Elke cylinder 22, 22', 221' is bevestigd aan een thermokoppel 28, dat in staat is om de gehele rol aan het buitenoppervlak daarvan te verhitten. De hoeveelheid warmte, welke wordt toegevoerd is tevens voldoende om de flens van de bekers te verhitten, welke uit polypropeen of andere complexe kunststofmaterialen kunnen zijn vervaardigd, die bij middelmatige temperaturen niet voldoende deformeerbaar zijn.
Zoals blijkt uit fig. 3, zijn de hartlijnen van de rollen bij deze stellen symmetrisch gelegen en wel op een afstand van elkaar, die kan worden ingesteld door middel van heugelregulators 32 en op een zodanige wijze, dat de drie stapels bekers 21 zijn gecentreerd. De rotatie van de verhittingscylinders 22, 22', 22'' veroorzaakt, dat de gehele beker om zijn eigen longitudinale hartlijn roteert, zodat het kontaktpunt tussen de schroefdraden van de drie rollen en de flens 35 van de beker continu verandert, en derhalve de gehele flens tegen de tijd, dat de beker de schroef zonder eind verlaat, is verhit.
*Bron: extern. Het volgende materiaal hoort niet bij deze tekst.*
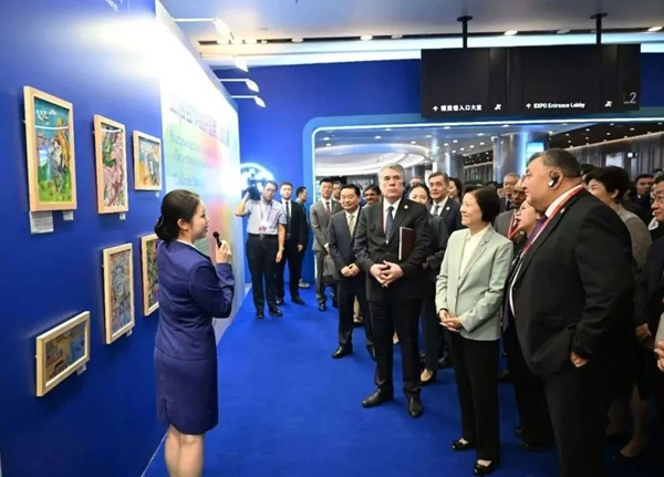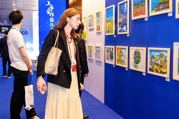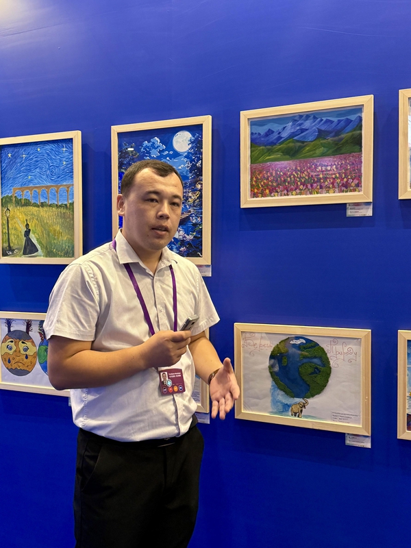 作为中国担任上合组织轮值主席国重要人文交流活动,本次画展紧扣2025年上合组织可持续发展年主题,共展出13个上合组织国家儿童的百余幅美术作品?;魑贫嗖饰幕⑽蠢纯萍?、欢庆丰收、绿色环保、美丽地球、珍爱和平6个主题,跨越语言和国界,构成了一幅绚丽多彩的上合组织人文画卷,充分展现了上合组织各国地域文化特色、儿童独特的艺术视角以及对“和平”、“发展”、“环保”等问题的思考。

Zoals blijkt uit fig. 9, worden bekers 21 aan de afvoer van de uit van schroefdraad voorziene rollen bestaande verwarmingsinrichting verwijderd door middel van een straal van samengeperste lucht uit drie mondstukken 36, die evenwijdig aan de longitudinale hartlijn van de bekers, die van een rand moeten worden voorzien, zijn opgesteld en zijn verbonden met een luchtcompressor, die in de tekening niet is afgebeeld. De druk van de lucht in de mondstukken is minimaal, doordat de bekers reeds zijn gescheiden van de rest, welke nog steeds wordt verhit. Deze luchtstralen worden radiaal en in de voortbewegingsrichting, aangegeven door de pijl 20 in fig. 4 zodanig gericht, dat zij zich uitstrekken in de ruimte, welke de bovenste houder 21 van de andere houders, welke worden verhit, scheidt, waardoor binnen de basis van de beker een grotere druk wordt opgewekt dan die, welke aan de buitenzijde van deze basis werkzaam is. Onder invloed van deze luchtdruk treden de bekers 21 de opnemende vormen 49 van de rand-vormingsinrichting binnen, welke, zoals blijkt uit de fig. 1 en 2, uit twee platen 40 en 41 bestaat.
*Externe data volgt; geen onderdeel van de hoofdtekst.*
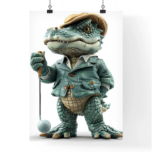 Anthropomorphic Alligator Golfer Cartoon, Isolate White Background, Full Body, 3D Character, Slight Aliasing, Vibrant Painting, Art, Standing Two Legs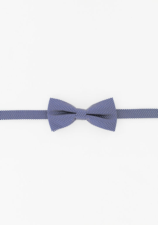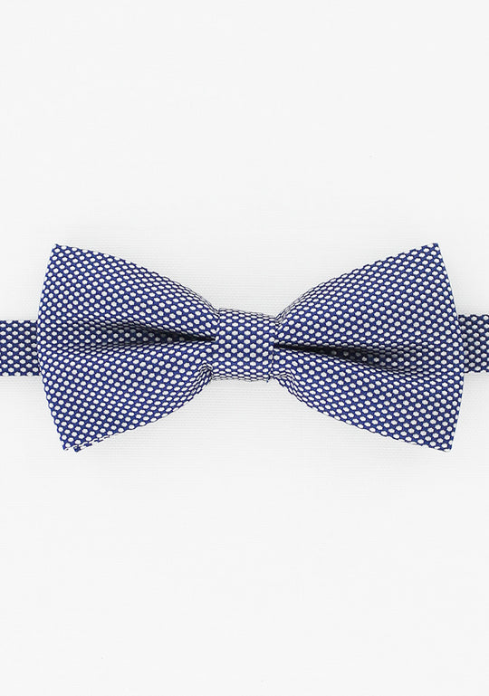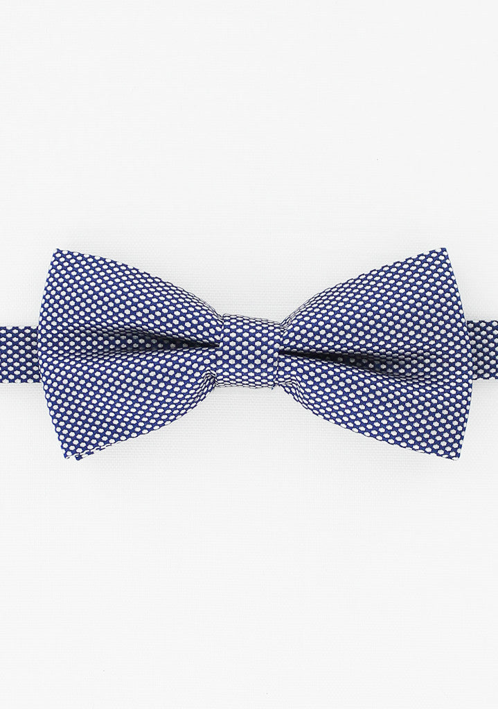 Noeud papillon marine et blanc, ajustable grâce à un système coulissant de la taille S à XL. Nettoyage à sec.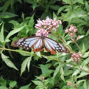 フジバカマとアサギマダラ キク科ヒヨドリバナ属 多年草 中国と朝鮮半島原産 日本には奈良時代に薬草として渡来。 花期8〜10月 フジバカマの仲間にはアサギマダラという蝶のオスが好んで訪れる。 まだよく解明されていないが、フジバカマに含まれる物資「ピロリジアンアルカロイド」の摂取が性フェロモンの分泌に必要だと言われている。 アサギマダラは旅する蝶としても知られ、台湾や東南アジアなどから日本にやってくる。中には2500kmも長旅をして日本に飛来してくるものもいる。 ここ、三ツ堀里山自然園は、数年前からアサギマダラが飛来するのを期待して、ヒヨドリバナやフジバカマを植栽しています。 今年は10/13に初飛来し、撮影した10/20 は3頭見られました。

De cirkelvormige plaat 40 ondersteunt 12 opnemende vormen, terwijl de plaat 41 drie uitstekende vormen 50 ondersteunt.
De opnemende vormen 49 zijn in groepen van drie langs de zijden van een vierkant verdeeld, waarvan het midden samenvalt met de rotatie hartlijn van de genoemde plaat. Aan de bovenzijde van het vierkant liggen de drie posities 42 voor het invoeren in de opnemende vormen en aan de rechterzijde bevinden zich de drie posities 43 voor het vormen van de rand, terwijl bij de basis de drie posities 44 voor het verwijderen aanwezig zijn, en aan de linkerzijde tenslotte de drie posities 45 van de opnemende vormen aanwezig zijn, die steeds leeg blijven en door natuurlijk of geforceerd verlies van de warmte, die tijdens het vormen en stabiliseren van de rand is geabsorbeerd, worden gekoeld.
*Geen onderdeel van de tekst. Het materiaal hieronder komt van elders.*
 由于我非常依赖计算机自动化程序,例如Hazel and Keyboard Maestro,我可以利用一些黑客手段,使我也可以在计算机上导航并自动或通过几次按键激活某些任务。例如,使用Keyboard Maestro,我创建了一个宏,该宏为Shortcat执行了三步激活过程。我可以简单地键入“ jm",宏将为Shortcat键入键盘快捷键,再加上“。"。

Door middel van een continue reeks van partiële rotaties over een kwartomwenteling van de plaat 40, die op de as 54 is gedrukt, en welke door middel van een steun 53 is verbonden met een reduktietandwielmechanisme 60, dat wordt aangedreven door een motor, die niet is afgebeeld, wordt elk stel opnemende vormen cyclisch over de verschillende posities naar de positie 43 gevoerd om de rand tegenover een stel van uitstekende vormen 50 te vormen. De genoemde uitstekende vormen bewegen zich op een wisselende wijze langs hun eigen aixale richting, en worden aangedreven door een excenterinriehting 26, via een verbindingsstaaf 55 van instelbare lengte, waarvan een uiteinde is bevestigd aan een pen 57, en door middel van steunen 58 van de plaat 41, welke de uitstekende vormen 50 ondersteunt. Deze steunen 58 glijden tussen geleidingen 59, die integraal zijn met het stationaire gestel 23, dat tevens het beweegbare gestel 24, 24', 25 ondersteunt.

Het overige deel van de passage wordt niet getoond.